Maire démissionnaire de Sevran (Seine-Saint-Denis), Stéphane Gatignon a gardé un souvenir mitigé de la rencontre, le 15 mars, entre Jacques Mézard et des acteurs du dossier : le ministre «semblait plus intéressé par son chien que par ce que disaient les maires de banlieue», a-t-il confié au Monde. Président de l'association Ville et Banlieue et maire socialiste de La Seyne-sur-Mer, Marc Vuillemot abonde : «Le problème, c'est qu'il n'y a autour de lui que des marquis technocrates, choisis ou imposés. Mézard ne mesure pas la situation, mais personne ne l'aide à la mesurer.» Un ministre enfonce le clou : «Jacques ne s'intéresse qu'à la ruralité. Le centre du monde, pour lui, c'est Aurillac.»

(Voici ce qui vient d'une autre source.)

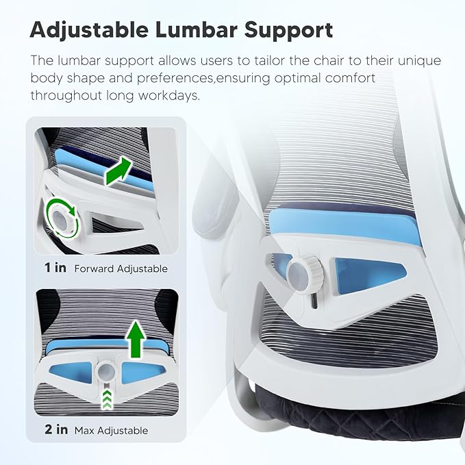 - Adjustable Ergonomic Chair: Our office chair features with adjustable 2D headrest and flip up armrest,backrest with 105°to 120°recline,customized for your multiple work postures while relieving the back pain after long hours of sitting.

Ce procès n'émeut pas l'Elysée. Autour de Macron, on veut bien reconnaître que le ministre n'est «peut-être pas un grand communicant». Mais il conserve «toute la confiance du Président qui, si ce n'était pas le cas, aurait pris les mesures qui s'imposent» : «C'est sous sa houlette que travaillent les administrations, et ce n'est pas une réunion mal ressentie qui détermine le poids d'un ministre.» De son côté, le ministre s'efforce d'afficher plus d'intérêt pour les questions urbaines. «Je n'ai pas l'habitude d'être en état d'apesanteur, a-t-il déclaré jeudi à Paris devant des élus et des associations. On va continuer à se voir et à se supporter, dans les deux sens du terme.»
Tropisme rural
Le natif d’Aurillac n’était pourtant pas destiné à gérer ces dossiers. En mai 2017, c’est l’Agriculture qui échoit à ce radical de gauche, réputé influent, roublard et ombrageux. Du sur-mesure : Mézard est un familier de la présidente de la FNSEA, puissant syndicat agricole, Christiane Lambert, et du patron de la Fédération nationale bovine, Bruno Dufayet. Richard Ferrand, de son côté, prend en charge les Territoires. Mais mis en cause dans une affaire immobilière, il quitte le gouvernement en juin. De mauvais gré, Mézard remplace son camarade.
Son tropisme rural est cependant la meilleure assurance du ministre. «Mézard ne nous sert à rien, il sert à autre chose, juge un élu socialiste. Macron n'a qu'une peur : qu'on lui reproche d'être éloigné de la ruralité.» Surtout, Mézard fait partie des proches du chef de l'Etat, qui n'oublie ni les ralliements précoces ni les services rendus. Fin 2016, alors que la présidente de son parti, Sylvia Pinel, participe à la primaire de gauche, Mézard appelle à soutenir le candidat d'En marche. Et, fort de ses réseaux, il ne vient pas seul. «Il est arrivé en disant : je t'amène dix sénateurs RDSE [Rassemblement démocratique et social européen] sur douze, et les députés radicaux, et puis deux présidents de conseils départementaux, et puis aussi le Parti radical, se souvient un parlementaire macroniste. Et la ruralité par-dessus le marché.» Et ce n'est pas fini : «Je pense que Macron compte sur lui pour rallier les radicaux en vue des européennes», poursuit l'élu. De quoi en faire, jusqu'à nouvel ordre, un intouchable du gouvernement.